Thinking About Model Extraction

Created 2024-02-04 / Edited 2024-03-23

Sharing some thoughts on my Recurse Center project, exploring how to bring Alloy or similar tools into the Day Job.

Robot opening a jar


I've been doing searches for academic papers or projects with keywords of Ruby and Alloy, as well as brushing up on my Alloy. The rough idea that I'm pursuing is to take a working codebase, extract a model, and then do stuff with it.

So... let's imagine...

$ cd codebase
codebase$ extract-model
codebase$ cat result.als
codebase$ alloy run result.als

Executing "Run Default for 4 but 4 int, 4 seq expect 1"
   Solver=minisat(jni) Bitwidth=4 MaxSeq=4 SkolemDepth=1 Symmetry=OFF Mode=batch
   2727 vars. 508 primary vars. 4414 clauses. 108ms.
   . found. Predicate is consistent, as expected. 14ms.

codebase$ █

... and already we have a problem. Because there is no such alloy cli interface. It has a lovely GUI, but no way to run something lke that (yet). It appears that you can reach in and run stuff in the java, write your own wrapper, interface with the java, etc. So already off to a yak-shaving start!

Still. The idea is you run this magical extract-model command on a codebase, I'm using Rails because it has a structure that suits this, and it spits out a model. The model should contain modely-stuff -- database tables, classes, API interactions maybe.

THEN what we'll do is turn the model BACK into some rspec.

THEN we'll add some further declarations and turn those back into rspec too.

Hmm. Maybe we can slurp in the existing rspec and try to turn that into some constraints or validations on the Alloy side.

And what can we learn or do with an Alloy model? I'm not sure yet! The rough theory is that we have this Simplified World we can work with, or reason about, and that it can reflect and guide the Real World. I kinda doubt that folks will want to muck about much in the Alloy directly (though you never know), so more like a weird intermediate representation for codebase analysis and transformation, basically.

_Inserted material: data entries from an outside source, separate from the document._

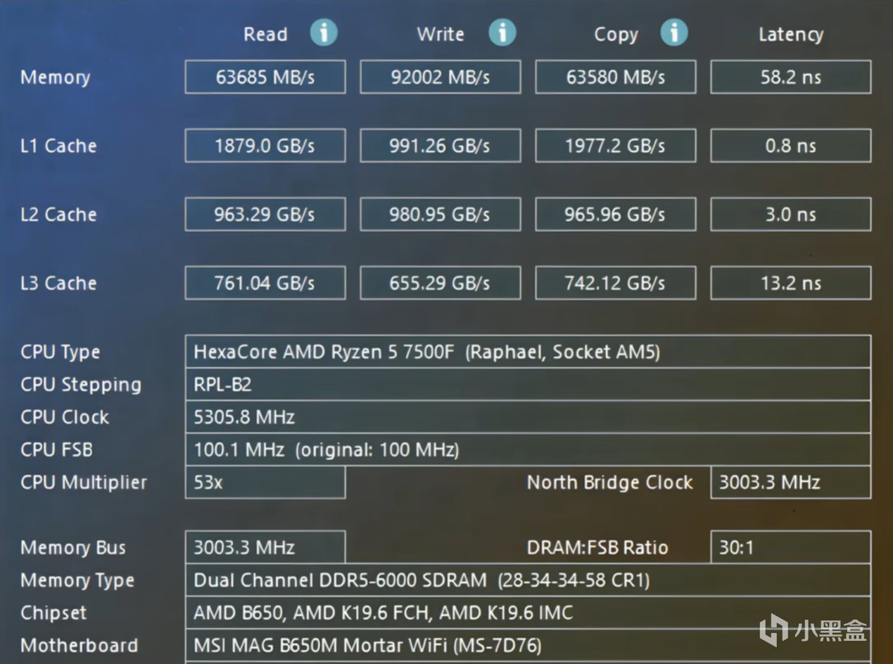 可以看到在调完之后,变化最大的就是写入速度来到了92002MB/s,同时延迟降低到了58ns,并且时序也有一定优化,在28-34-34-58,跑了十多轮TM5也并未见任何报错,还是挺不错的。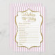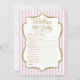 Um jogo de chá de fraldas, rosa e dourado, faz uma atividade de chá de fraldas pungente e divertida. Este jogo de chá de menina doce tem convidados a anotar desejos para o bebê que certamente fará uma lágrima de mamãe a ser derramada. Listras brancas e cor-de-rosa com sotaque brilhante dourado e texto dourado este jogo de chá de fraldas de Desejo por Bebê é um vencedor.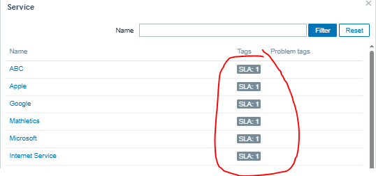 Zabbix SLA Report - Allow Tag & Problem Tag Filtering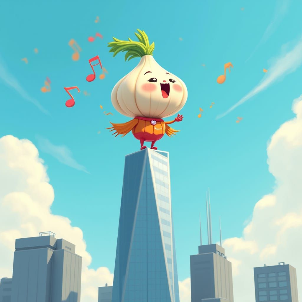A whimsical garlic character sings atop a skyscraper against a bright blue sky. The artwork has a dreamlike quality and is reminiscent of modern concept art.
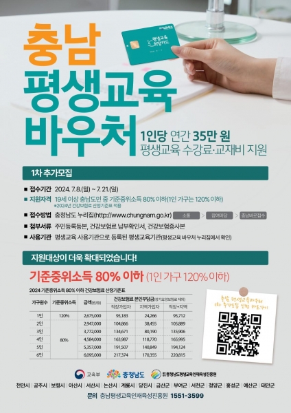 중위소득 80% 이하 가구 구성원은 충청남도 홈페이지에서 신청 가능하고 19세 이상 39세 이하 청년은 평생교육바우처 홈페이지에서 온라인으로 신청할 수 있다.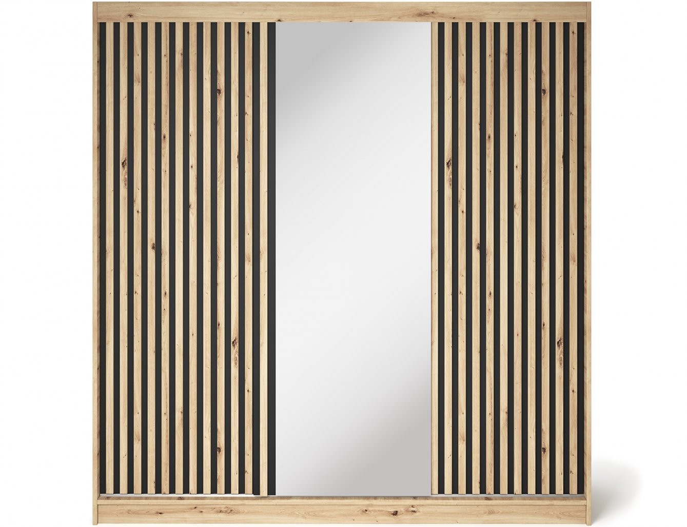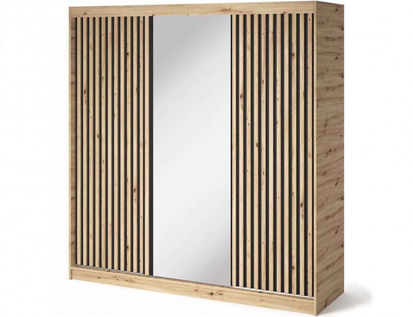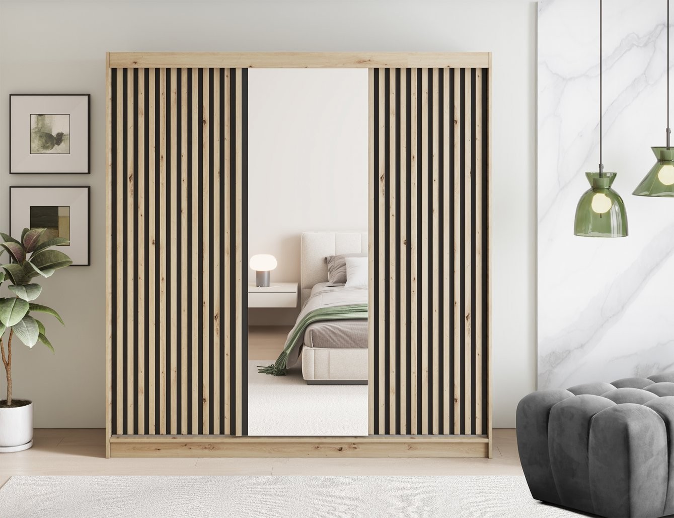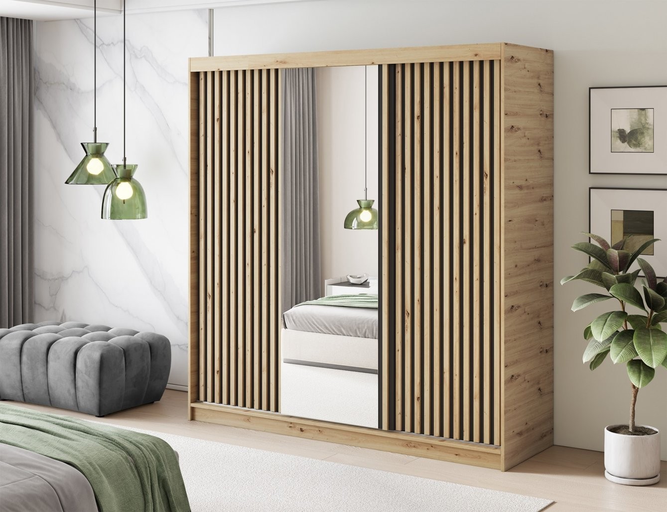 Izdelana je iz trpežne laminirane iverne plošče v privlačnem odtenku hrasta artisan, kar ji daje naraven in topel videz. Sprednje plošče so obrobljene z ABS robovi za dodatno zaščito in daljšo življenjsko dobo. Ena izmed drsnih vrat ima vgrajeno ogledalo, ki vizualno poveča prostor in je izjemno praktično za vsakodnevno uporabo.

I'm thinking the extract-model and might be some LLM magic, but also we can follow what they were trying with Rubicon, getting right into some Rails-specific tooling to help extract a model. While I know the most about Rails, I think it'd be very cool to run our mythical extract-model against other codebases. Still -- specialty knowledge and specialization on Rails is interesting.

All through it I keep thinking ... can I make this practical? Can I make this into a tool that I'd actually use in my day job? One of the Recurse center ideas is to work at the "edge" of your abilities and understanding; for me making something in this space that is both powerful and useful dances right on this edge.